Master List of Diagnoses:
- Dedifferentiated liposarcoma
- Dermatofibrosarcoma protuberans
- Glomus tumor
- Solitary fibrous tumor
- Synovial sarcoma, monophasic
Archive Case and Diagnosis
This case first appeared as Performance Improvement Program in Surgical Pathology (PIP) 2021, Case 02, and is solitary fibrous tumor of the inguinal soft tissue.
The information provided in this case was accurate and correct at the time of publication in 2021.
Any changes in terminology since the time of publication may not be reflected in this case.
Criteria for Diagnosis and Comments
Microscopic review of the tumor shows a relatively well-circumscribed hypercellular spindle cell neoplasm with scattered ectatic vessels and focal increased mitotic activity. The overall findings are consistent with a solitary fibrous tumor (SFT).
SFT is a fibroblastic mesenchymal neoplasm of intermediate (rarely metastasizing) biological potential. SFT is primarily a tumor of adults (20 - 70 years) and affects both sexes equally. SFT was originally described as a neoplasm of the pleura and mediastinum. It is now known to arise virtually anywhere, including soft tissue and visceral locations (eg, abdomen/pelvis, extremity, trunk, head/neck, meninges). Microscopically, SFTs are composed of uniform spindled to ovoid cells with varying degrees of cellularity. The cells are often randomly arranged in a “patternless” pattern with fibrous stroma, densely collagenized foci, and prominent staghorn vasculature (ectatic vessels with irregular, antler-like shapes). Necrosis is usually absent, and the mitotic activity is frequently low (fewer than 3 per 10 high-power fields [HPF]). SFTs may be regarded as “great imitators” in soft tissue lesions, as they have a wide morphologic spectrum. Cellularity alone varies greatly, and tumors once designated as hemangiopericytoma are now considered to be a cellular variant of SFT. Other unusual variants include SFT with prominent myxoid change, mature fat (lipomatous variant), and multinucleated tumor giant cells (also known as giant cell angiofibroma).

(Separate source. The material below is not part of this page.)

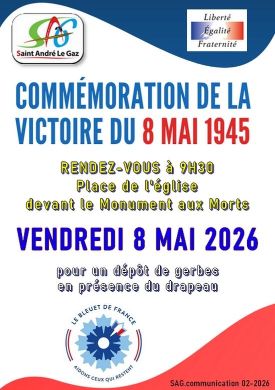La Municipalité vous invite à participer au défilé qui partira à 9h15 de la place Cuzin, puis à la cérémonie commémorative qui aura lieu le vendredi 8 mai 2026, à 9H30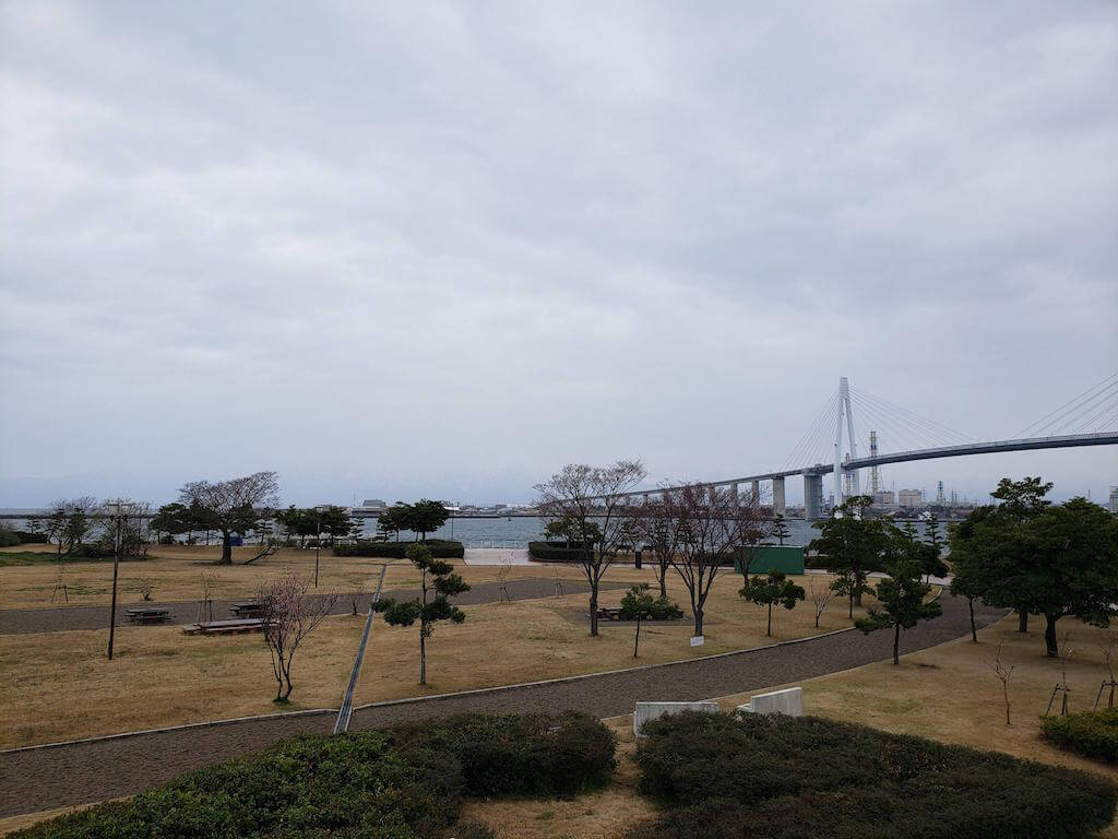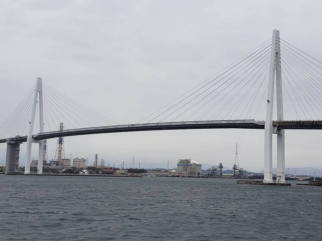 仕方ないので入場規制されてないエリアから新湊大橋を眺める

SFT are usually well-circumscribed but unencapsulated lesions with a homogeneous, firm, gray-white cut surface. Immunohistochemical stains show that the tumor cells are positive for CD34 (strong, diffuse), STAT6 (strong, nuclear), vimentin, CD99, and BCL2, while they are typically negative for keratin, EMA, S100 protein, SMA, and h-caldesmon. Molecular analysis shows a characteristic NAB2::STAT6 fusion, which induces expression of BCL2, thereby promoting cellular survival. The fusion results from a paracentric inversion affecting the long arm of chromosome 12, which is too small to reliably detect by fluorescence in situ hybridization (FISH). Accordingly, STAT6 expression by immunohistochemistry is considered a recent and reliable finding in SFT.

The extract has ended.